» Prompt
Below are some entries. Transcribe the lines from the one holding "1% 재벌을 위한 공공기관" to the one holding "- flashed a", inclusive, but not the pictures among them.

(Dataset entries)
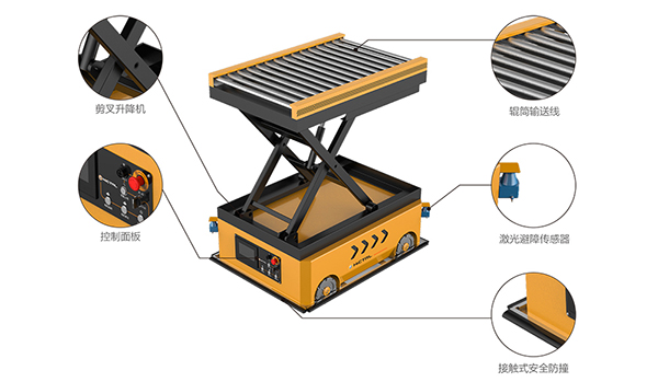 麥克納姆輪全方位任意全向移動,非接觸式激光避障傳感器及車身有接觸式防撞機構除需日常充電外,無其他維護成本;設備運行時有聲光警示;并設有系統故障診斷及電量顯示功能;控制面板顯示屏實時狀態顯示,并顯示故障信息; 輥筒輸送實現不同高度物料對接,實現輸送柔性化; 帶起升功能剪叉升降機,實現輥筒的升降;根據工況需求搭載不同的導航方式;
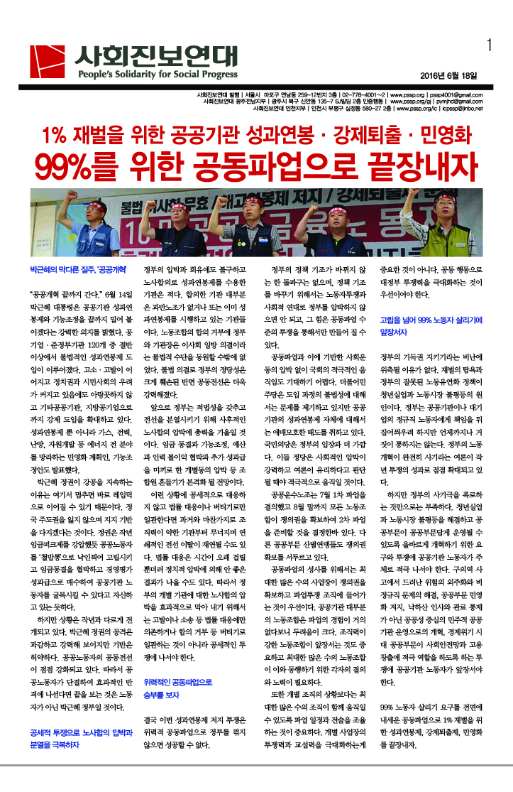 1% 재벌을 위한 공공기관 성과연봉·강제퇴출·민영화 99%를 위한 공동파업으로 끝장내자
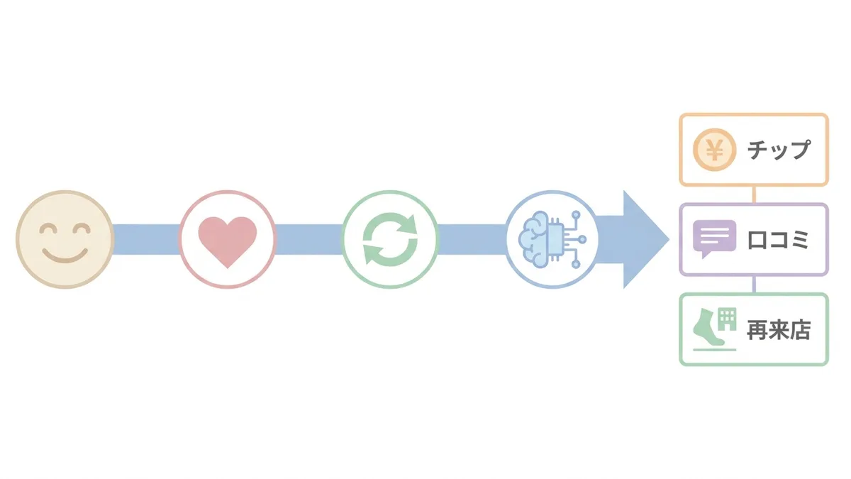 共通するのは「感情の伝染」です。接客者の前向きな表情は、顧客の感情状態を引き上げます。顧客が良い気分のまま会計を終えると、①その瞬間にチップを多めに置く、②外に出て誰かに話したくなる(口コミ)、③「また来たい」と記憶に刻まれる ── この 3 経路が同時に駆動します。
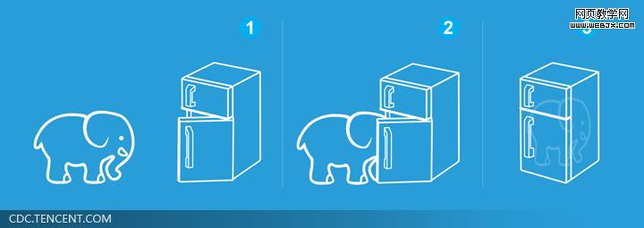 开篇呈上赵本山和宋丹丹的小品笑话:要把大象放进冰箱总共分几步?把大象塞进冰箱要3步:1 把冰箱门打开;2 把大象装进去;3 把冰箱门带上。这虽是一则脑筋急转弯的笑话,但却提炼出我们生活中将一个物体放进另外一个物体里通常有的3个步骤。
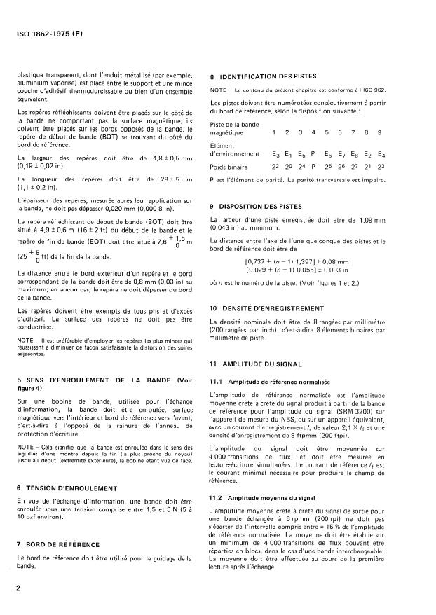 ISO 1862:1975 - Traitement de l'information -- Bande magnétique a 9 pistes, de 12,7 mm (0,5 in) de large, pour l'échange d'information, enregistrée a 8 rangées par millimetre (200 rpi)
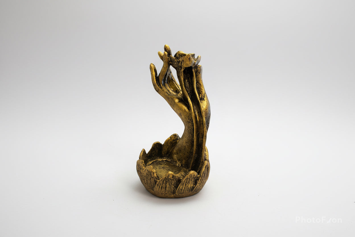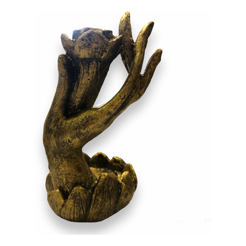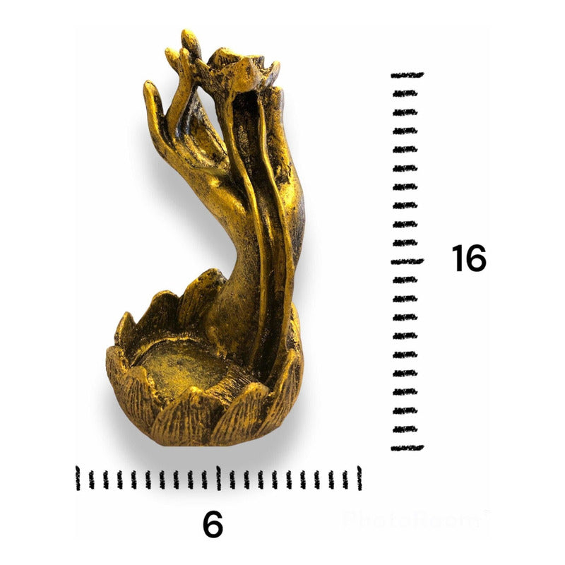 Mano Cascada De Humo Porta Incienso Dorado Oscuro
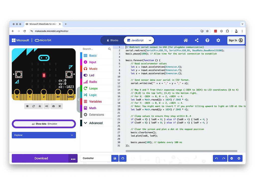 - flashed a custom JavaScript program onto the micro:bit to continuously send accelerometer data,
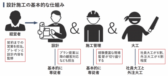 ◉同社は営業の専任者が不在で社長の関尾氏が営業を担当。社員は設計担当6人(メイン担当3人とパートのサブ担当3名)と現場監督2人。設計担当の1人は広報兼任。いずれは広報専任とする予定
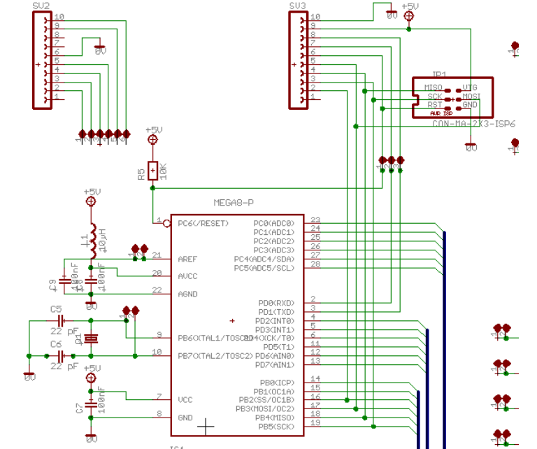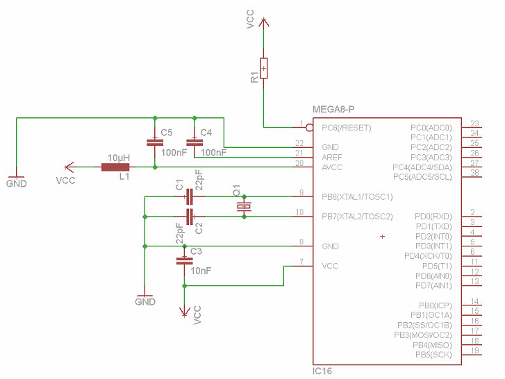 kopfkratz Benutzt Du den ADC ? Wo gehen denn die restlichen Ports hin, ansonsten ist das die Grundschaltung für Mega8 mit ADC und externem Quarz. Die beiden Fauxpax wurden ja schon genannt. Das sind die Grundlagen, also was willst Du schalten und verwalten ? Hast Du einen POTI den Du auswertest um z.B. eine LED zu dimmen oder hängt ein Motor dran oder ein Piezosummer ? Was hast Du an Dein MK2 Board drangehängt und was macht Dein Programm eigentlich ?
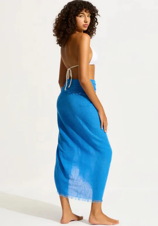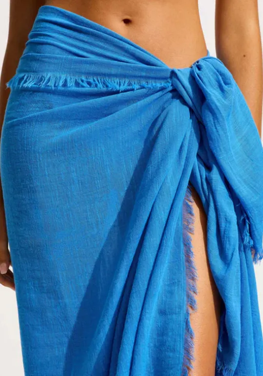 The Textured Cotton Beach Wrap in Azure Blue by beachwear designer Seafolly is the perfect wear-anywhere cover up for beachside, poolside and beyond. A perfect piece to layer over your favourite swim.
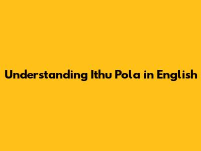 What Does "Ithu Pola" Mean?
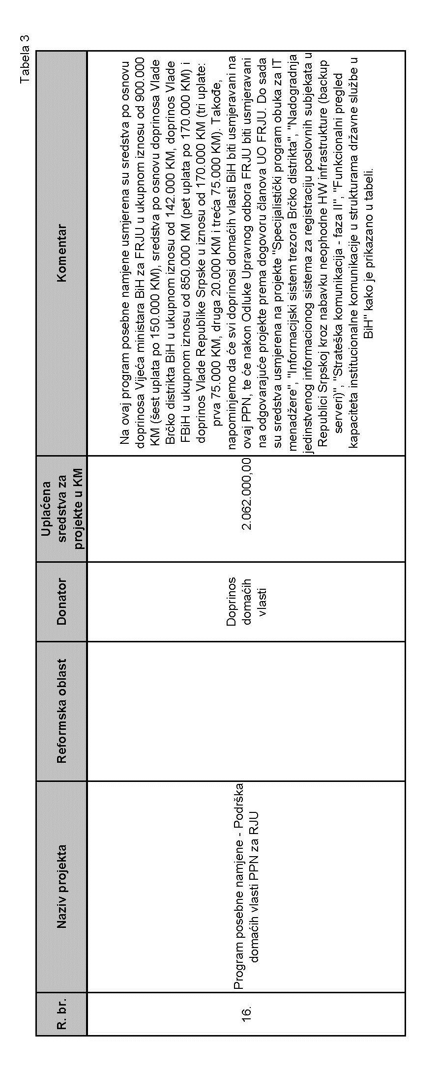 16. "Podrška domaćih vlasti PPN za RJU"- na ovaj PPN, koji se u ISFU vodi pod šifrom 0206170, usmjerena su sredstva po osnovu doprinosa domaćih vlasti Fondu (Aneks III Memoranduma), koja će se, nakon što UO Fonda donese odgovarajuće odluke, preusmjeravati na projekte;
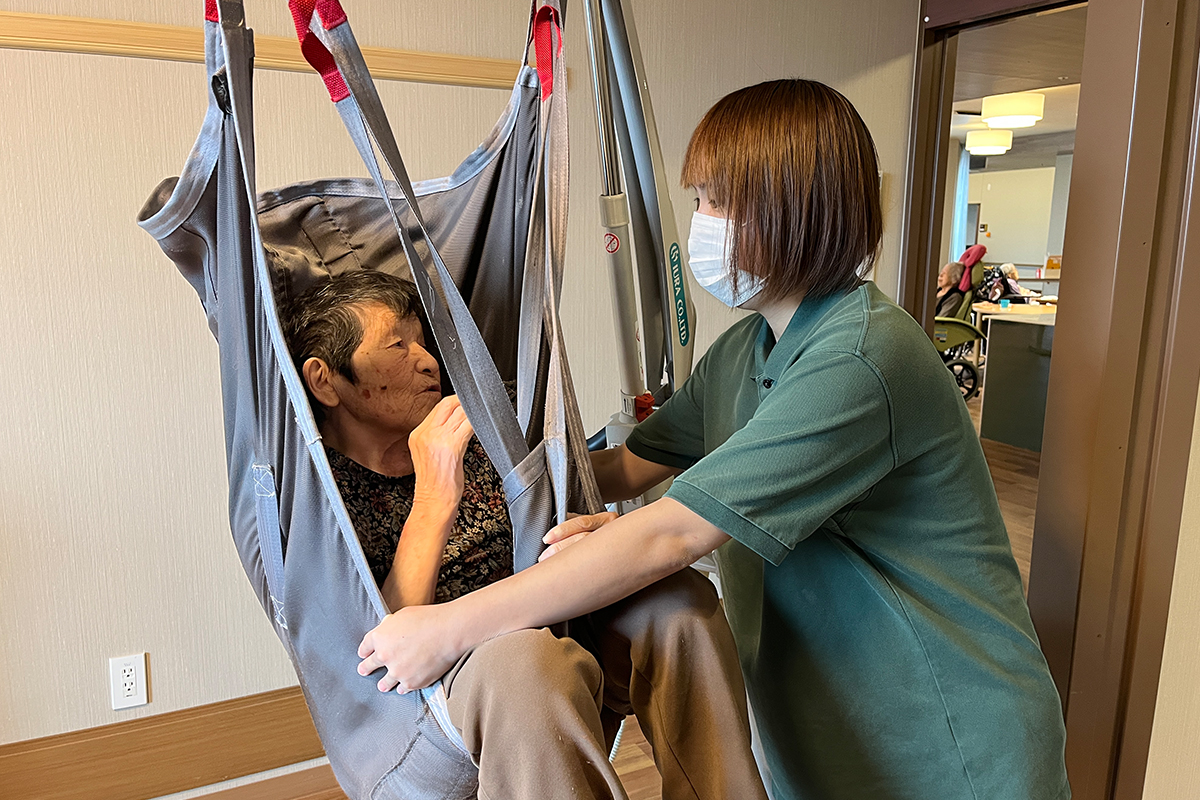 介護移乗ロボットや床走行リフトなど最先端の介護機器を導入しています。
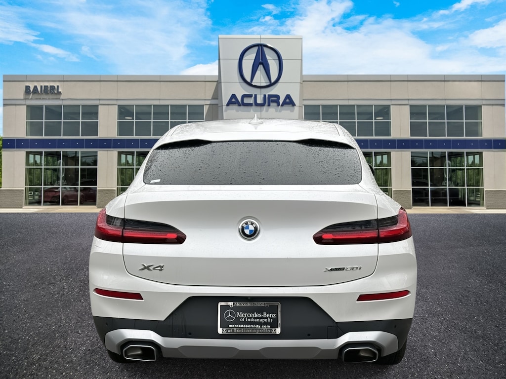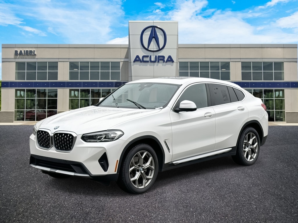 Baierl Acura is proud to offer this great 2022 BMW X4 in Mineral White Metallic. This vehicle has been through our award winning factory trained service department*** and comes with the following features; Theres no back-and-forth, we offer one fair price, HEATED FRONT SEATS, HEATED STEERING WHEEL, POWER MOONROOF, NAVIGATION WITH LIVE COCKPIT PRO, HI-FI SOUND SYSTEM, APPLE CARPLAY / ANDROID AUTO, ENHANCED BLUETOOTH WITH WI-FI HOTSPOT, SIRIUSXM WITH 360L, AMBIENT LIGHTING, COMFORT ACCESS KEYLESS ENTRY, ACTIVE BLIND SPOT DETECTION SYSTEM, LANE DEPARTURE WARNING SYSTEM, FRONTAL COLLISION WARNING WITH CITY COLLISION MITIGATION SYSTEM, REAR CROSS TRAFFIC ALERT SYSTEM, 19 Y-SPOKE WHEELS IN FERIC GREY, 12 Speakers, 4-Wheel Disc Brakes, ABS brakes, AM/FM radio: SiriusXM with 360L, Anti-whiplash front head restraints, Apple CarPlay & Android Auto Compatibility, Auto High-beam Headlights, Auto-dimming door mirrors, Auto-dimming Rear-View mirror, BMW Assist eCall, BMW TeleServices, Brake assist, Bumpers: body-color, Comfort Access Keyless Entry, Connected Package Pro, ConnectedDrive Services, Convenience Package, Driver door bin, Driver vanity mirror, Dual front impact airbags, Dual front side impact airbags, Electronic Stability Control, Emergency communication system: BMW Assist eCall, Enhanced Bluetooth, Exterior Parking Camera Rear, Four wheel independent suspension, Front anti-roll bar, Front Bucket Seats, Front Center Armrest, Front dual zone A/C, Front reading lights, Garage door transmitter, Genuine wood dashboard insert, Genuine wood door panel insert, Heated door mirrors, Heated Front Seats, Heated Steering Wheel, Hi-Fi Sound System, Illuminated entry, Knee airbag, Live Cockpit Pro w/Navi, Low tire pressure warning, Lumbar Support, Memory seat, Navigation System, Occupant sensing airbag, Outside temperature display, Overhead airbag, Panic alarm, Passenger vanity mirror, Perforated SensaTec Upholstery, Power door mirrors, Power driver seat, Power Front Seats, Power Liftgate, Power moonroof: Panorama, Power steering, Power windows, Radio data system, Rear air conditioning, Rear anti-roll bar, Rear reading lights, Rear seat center armrest, Rear window defroster, Remote keyless entry, Security system, Speed control, Speed-sensing steering, Speed-Sensitive Wipers, Split folding rear seat, Spoiler, Sport steering wheel, Steering wheel mounted audio controls, Tachometer, Telescoping steering wheel, Traction control, Trip computer, Turn signal indicator mirrors, Wheels: 19 x 7.5 Y-Spoke (Style 693), WiFi Hotspot.

» Answer box
 1% 재벌을 위한 공공기관 성과연봉·강제퇴출·민영화 99%를 위한 공동파업으로 끝장내자
 共通するのは「感情の伝染」です。接客者の前向きな表情は、顧客の感情状態を引き上げます。顧客が良い気分のまま会計を終えると、①その瞬間にチップを多めに置く、②外に出て誰かに話したくなる(口コミ)、③「また来たい」と記憶に刻まれる ── この 3 経路が同時に駆動します。
 开篇呈上赵本山和宋丹丹的小品笑话:要把大象放进冰箱总共分几步?把大象塞进冰箱要3步:1 把冰箱门打开;2 把大象装进去;3 把冰箱门带上。这虽是一则脑筋急转弯的笑话,但却提炼出我们生活中将一个物体放进另外一个物体里通常有的3个步骤。
 ISO 1862:1975 - Traitement de l'information -- Bande magnétique a 9 pistes, de 12,7 mm (0,5 in) de large, pour l'échange d'information, enregistrée a 8 rangées par millimetre (200 rpi)
 Mano Cascada De Humo Porta Incienso Dorado Oscuro
 - flashed a custom JavaScript program onto the micro:bit to continuously send accelerometer data,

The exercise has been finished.